Prime Minister Sir Keir Starmer is set to chair Cabinet as police assess accusations that Lord Mandelson leaked sensitive information from the heart of government to paedophile financier Jeffrey Epstein.
The Metropolitan Police are reviewing reports of alleged misconduct in a public office after millions of pages were released as part of the so-called Epstein files.
It comes after files released by the US Department of Justice apparently showed Lord Mandelson passing information to Epstein while the peer was a cabinet minister in Gordon Brown’s government.
The Prime Minister has called for his former ambassador to Washington to quit the Lords, with Downing Street saying Sir Keir believes he should “not be a member… or use the title”.
He has tasked the country’s top civil servant with carrying out a review.
The documents indicate Epstein was sent details of internal discussions from the heart of the UK government after the global financial crisis.
Lord Mandelson, the then-business secretary, appeared to tell Epstein he would lobby ministers over a tax on bankers’ bonuses in 2009, and to confirm an imminent bailout package for the euro the day before it was announced in 2010.
Bank statements from 2003 and 2004 appeared to show he received payments totalling 75,000 US dollars from the financier, and Epstein is also said to have paid for an osteopathy course for Lord Mandelson’s husband.
The Metropolitan Police said on Monday they had received “a number of reports relating to alleged misconduct in a public office” after the files were released and that they would be reviewed to determine if they meet the criminal threshold for investigation.
A Government spokesperson said: “It is rightly for the police to determine whether to investigate and the Government stands ready to provide whatever support and assistance the police need.”
Downing Street earlier said Sir Keir had asked Cabinet Secretary Sir Chris Wormald to conduct “an urgent review” looking at “all available information regarding Mandelson’s contacts with Epstein during his period as a government minister”.

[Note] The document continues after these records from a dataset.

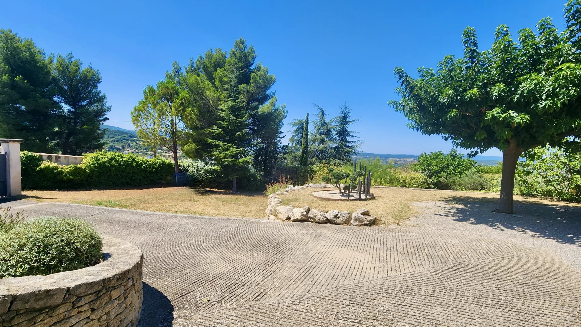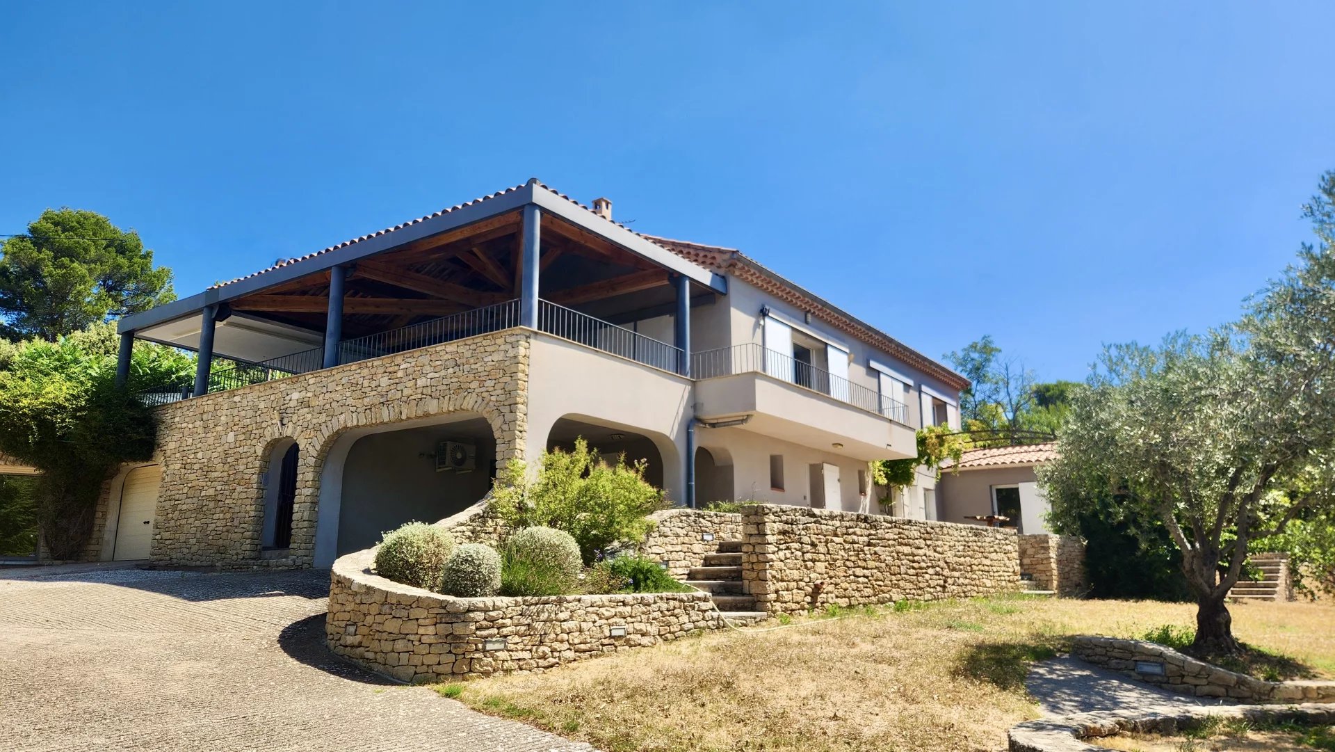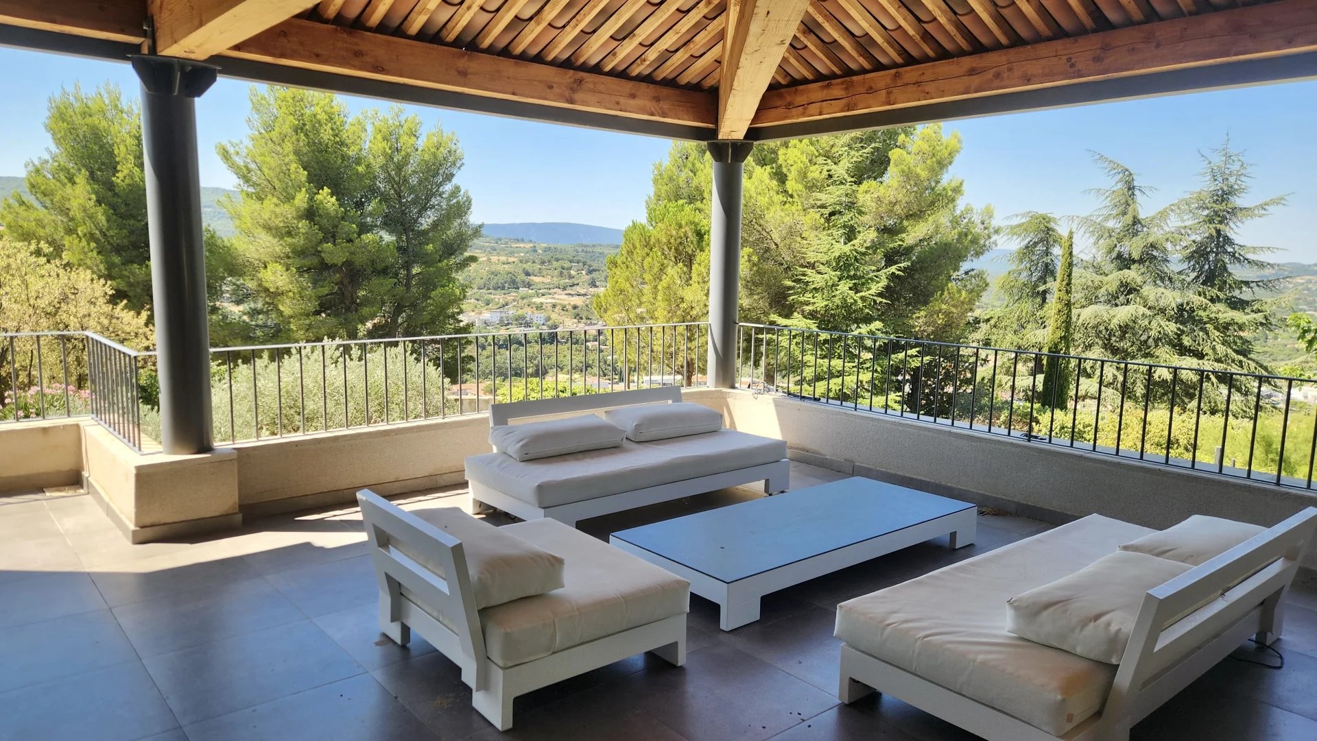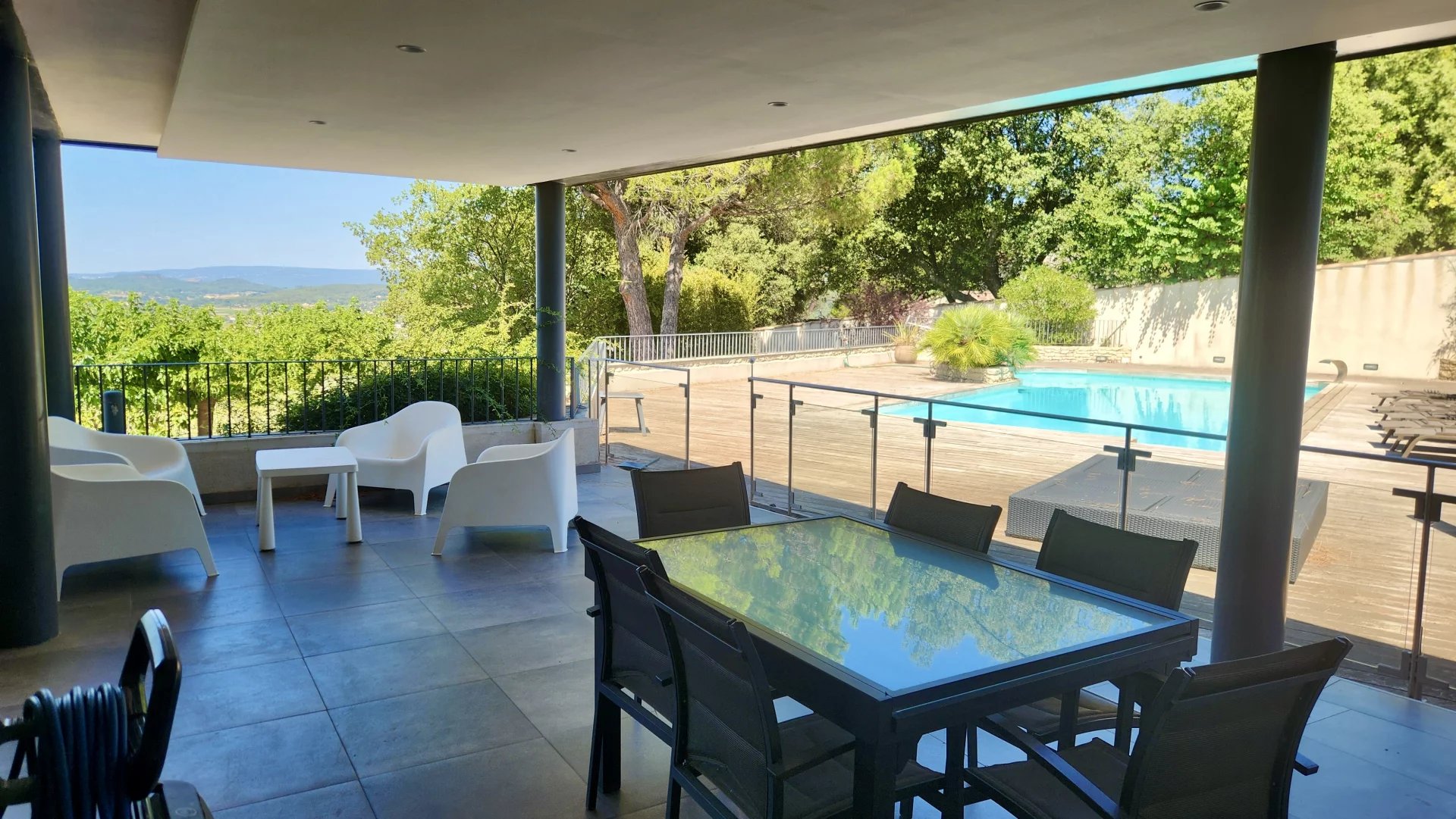 Nichée à flanc de colline, à l’abri des regards derrière de hauts murs et une végétation luxuriante, cette magnifique propriété contemporaine vous offre un havre de paix avec une vue dégagée imprenable sur les paysages du Luberon.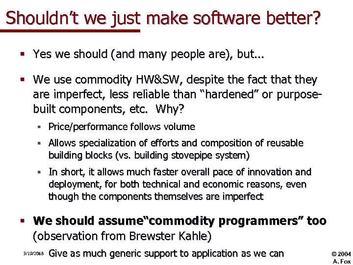 Shouldn’t we just make software better? § Yes we should (and many people are), but. . . § We use commodity HW&SW, despite the fact that they are imperfect, less reliable than “hardened” or purposebuilt components, etc. Why? § Price/performance follows volume § Allows specialization of efforts and composition of reusable building blocks (vs. building stovepipe system) § In short, it allows much faster overall pace of innovation and deployment, for both technical and economic reasons, even though the components themselves are imperfect § We should assume“commodity programmers” too (observation from Brewster Kahle) § 3/19/2018 Give as much generic support to application as we can © 2004 A. Fox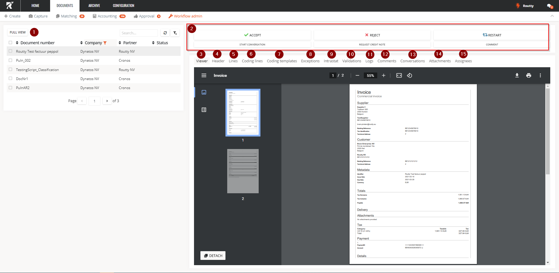 A number of actions can be taken on each document, these may differ based on the business process that has been set up for your Routty installation. In general, the following actions will occur: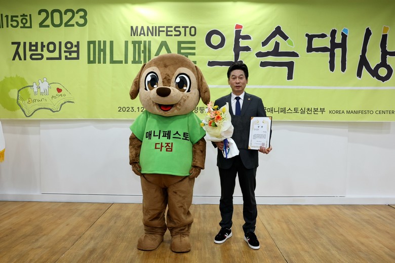 ‘지방의원 매니페스토 약속대상’은 지방의회 역량 강화 및 주민 신뢰 기반 구축을 위해 한국매니페스토가 주관하였으며, 공약이행 분야와 좋은조례 분야로 나누어 공모했다.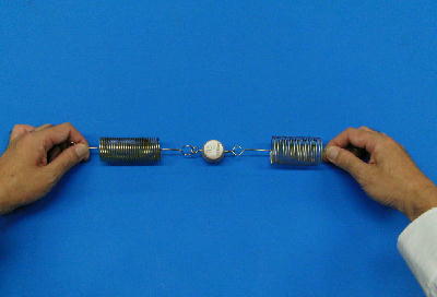下の図のようにおもりが動かないように両側から引っ張ってみよう
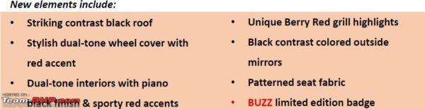 As mentioned in the leaked image, the Tigor Buzz edition will come equipped with a Berry red highlight for the front grille, contrast black roof and ORVMs, new dual tone alloy wheels with a red accent and a ‘Buzz’ limited edition badge on the outside. Inside, the model will come equipped with dual tone interiors with paint black finish and red accents as well as a new patterned seat fabric.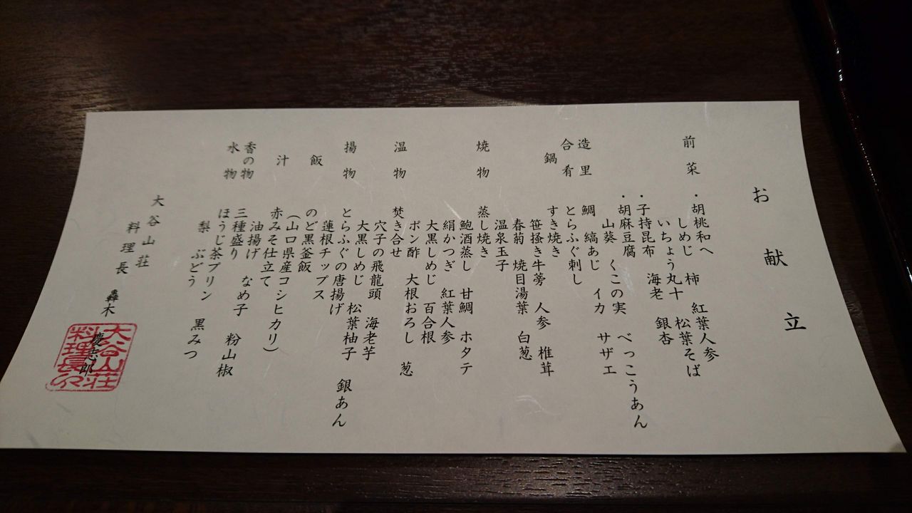 大谷山荘 別邸音信 の滞在にて書いていますので、ご参照頂けたら幸いです。
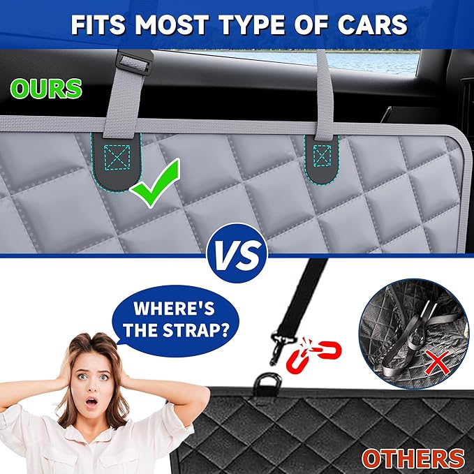 - EXCELLENT SIZE : 54" W x 58” L (Maximum open size) --Backseat cover for dogs fits to different vehicles like STANDARD cars, trucks, SUVs, including baby car seats.Setting up our travel dog back seat cover is a breeze thanks to its straightforward structure. It only takes seconds to install the dog car covers for backseat. Just snap the buckle straps around your car’s headrests and tuck in the seat anchors. you can customize the cover to your needs and preferences. Hit the road with ease and confidence.
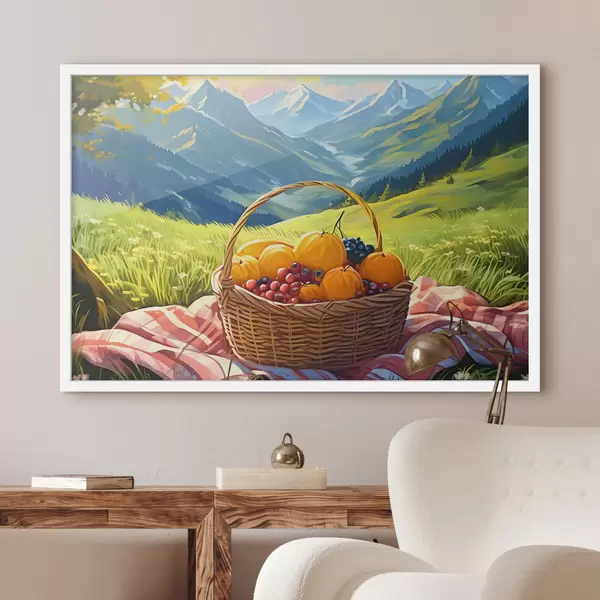 Affiche une corbeille de fruits sur un pré dans les montagnes Non f38654

Former prime minister Gordon Brown said he had asked Sir Chris to investigate the disclosure of “confidential and market sensitive information” during the global financial crisis.
Nick Macpherson, former permanent secretary to the Treasury, suggested in a social media post that then-chancellor Alistair Darling had suspicions about leaks at the time.
“Alistair Darling and the official Treasury were always aware that investment banks had an inside track to Number 10. But the brazen nature of that inside track is rather breath-taking,” he posted on BlueSky.
Darren Jones, the chief secretary to the Prime Minister, told the Commons on Monday that Lord Mandelson “must account for his actions and conduct”.
He said the information emerging in recent days had been unknown to both the Labour Party and the Government before the files were released.
“It is an understatement to say that his decision to continue a close relationship with a convicted paedophile, including discussing private government business, falls far below the standards expected of any minister,” he said.
On Sunday night, Lord Mandelson resigned his Labour membership and said he has “no record or recollection” of alleged financial payments made to him by Epstein.
Though this means he is still a peer, he has been on leave from the House of Lords since he took up his post in Washington, and reportedly has no plans to return.
On Monday evening, Privy councillors Dame Emily Thornberry, Labour MP for Islington South and Finsbury, and SNP Westminster leader Stephen Flynn both called for Lord Mandelson to be removed from the Privy Council.
Asked on the BBC’s Newsnight programme whether he should remain on the council, both replied “no”, but Mr Flynn said he had “no idea” of what the process for Lord Mandelson’s potential removal would entail.
Lord Mandelson suggested he did not want to fully exit public life in an interview with The Times, saying that “hiding under a rock would be a disproportionate response to a handful of misguided historical emails, which I deeply regret sending”.
He told the newspaper that none of the recent download of Epstein files “indicate wrongdoing or misdemeanour on my part”.
Elsewhere, the King has been urged to contact lawyers representing a woman who claims to have been sent to the UK by Epstein for a sexual encounter with his brother Andrew Mountbatten-Windsor.
The former prince has also featured in the documents on a number of occasions, including images which appear to show him crouched over an unidentified woman who is lying on the floor.
Meanwhile, Sarah Ferguson’s international charity, Sarah’s Trust, announced it would close for the foreseeable future.
And in the US, a spokesman for former president Bill Clinton and his wife Hillary said the couple were willing to comply with a congressional subpoena for their testimony in a House investigation into Epstein.